Quando estava na faculdade e na pós-graduação, estava constantemente a assistir a jantares em que bebíamos vinho barato dos frascos de Mason, geralmente os pequenos utilizados para compotas. O meu apartamento, tal como os da maioria dos meus amigos, foi montado a partir de um hodgepodge de achados da loja de parcimónia, incluindo uma cama de dia desgastada, uma cadeira de couro fácil com um buraco nas costas, e utensílios de cozinha que pareciam ter visto 10 lares diferentes. Não pensei então em nada de óculos de Mason-jar. Era apenas uma parte de ser jovem e pobre na cidade. Agora que sou mais velho, descubro que posso pagar preços decididamente baixos para recuperar um tempo mais minimalista na minha vida. Os frascos de maçon sugerem resistência à produção em massa de comida e cultura; enfatizam os valores da auto-suficiência e da comunidade.
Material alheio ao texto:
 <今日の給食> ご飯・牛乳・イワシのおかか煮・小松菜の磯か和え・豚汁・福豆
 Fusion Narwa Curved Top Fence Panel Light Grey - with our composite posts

A estratégia de marketing da 7-Eleven, contudo, demonstra quão facilmente a resistência à mercantilização pode ser mercantilizada.
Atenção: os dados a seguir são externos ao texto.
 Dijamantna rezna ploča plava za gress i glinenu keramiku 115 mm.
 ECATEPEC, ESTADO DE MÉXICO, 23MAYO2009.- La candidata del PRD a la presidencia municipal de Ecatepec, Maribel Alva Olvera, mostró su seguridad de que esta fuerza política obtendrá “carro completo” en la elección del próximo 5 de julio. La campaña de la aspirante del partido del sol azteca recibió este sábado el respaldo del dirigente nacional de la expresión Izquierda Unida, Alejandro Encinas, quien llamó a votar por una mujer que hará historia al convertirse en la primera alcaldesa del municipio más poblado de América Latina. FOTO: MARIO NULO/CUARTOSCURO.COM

Ao deixar os subúrbios e mudar-se para a floresta, os meus pais estavam a fazer um esforço auto-consciente para se definirem em contraste com o status quo suburbano. No entanto, viver perto da terra não os tornava imunes às forças que complicavam uma relação com ela. O jardim, construído em solo pobre porque era a única área de nível da propriedade, acabou por ir para a sementeira. O dinheiro diminuiu e fluiu, mas a maior parte diminuiu. Começámos a comprar os nossos legumes na mercearia mais próxima – até 45 minutos de distância – e a recorrer aos produtos congelados e enlatados mais baratos que pudemos encontrar. Foi fácil ler o fim do Éden nos alimentos que comíamos.